Examine the structural formulas of compounds given below and identify number of compounds which show positive iodoform test on vigorous reaction with excess of alkali and I₂

Answer

5

Explanation

Solution

The iodoform test is given by compounds containing a methyl ketone group (R-CO-CH₃) or a methyl carbinol group (R-CH(OH)-CH₃). Under the given conditions of "vigorous reaction with excess of alkali and I₂", compounds that can be converted into these functional groups through hydrolysis or oxidation will also give a positive test.

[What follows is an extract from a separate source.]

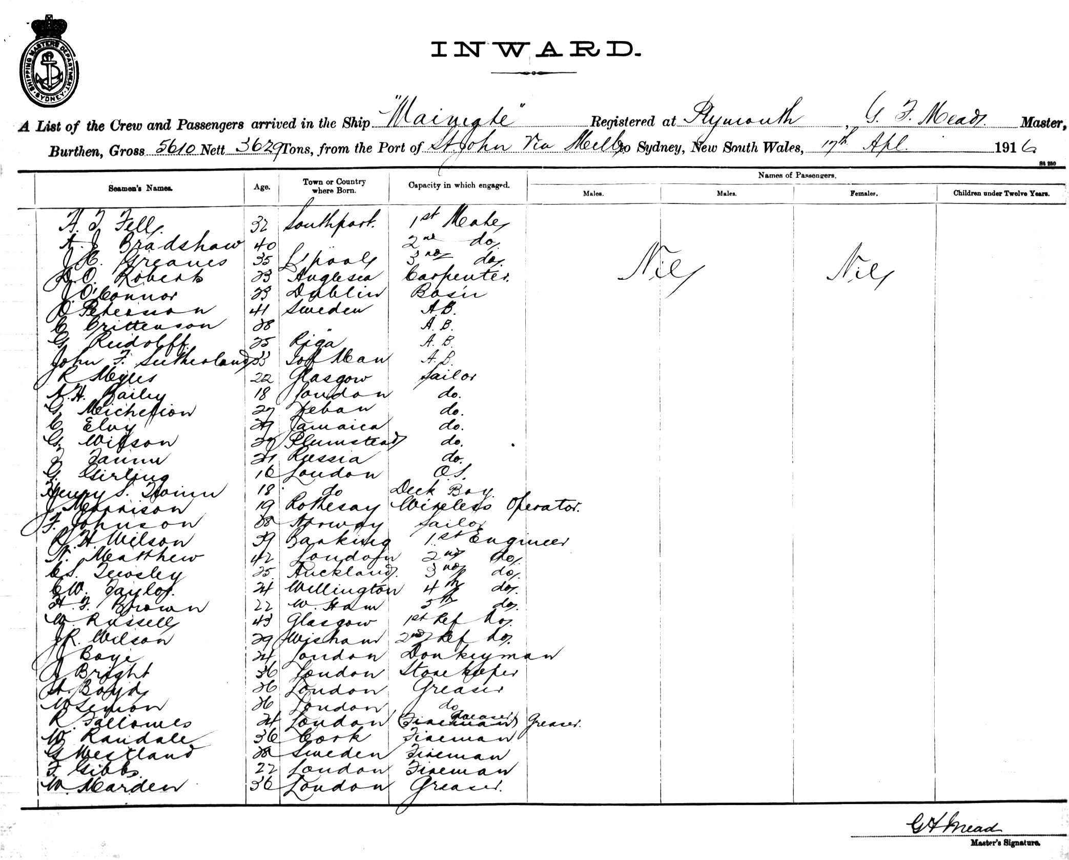 Source: State Records Authority of New South Wales: Shipping Master's Office; Passengers Arriving 1855 - 1922; NRS13278, [X410] reels 2091 & 2092. Transcribed by Margaret Shand. Proofread by Lyn & Maurie. You may view/print a scan of the original list - a monitor set to high resolution is recommended for clarity. Use your back button to return. |

Let's examine each compound:

  1. 3-Pentanone (CH₃CH₂COCH₂CH₃): This is a ketone, but it does not have a methyl group directly attached to the carbonyl carbon. It has -CH₂CH₃ groups on both sides. Therefore, it will not give a positive iodoform test.

  2. 2-Butanone (CH₃COCH₂CH₃): This is a methyl ketone, as it has a -COCH₃ group. Therefore, it will give a positive iodoform test.

  3. Acetaldehyde (CH₃CHO): This is a methyl aldehyde, as it has a -COCH₃ group (where R=H). Therefore, it will give a positive iodoform test.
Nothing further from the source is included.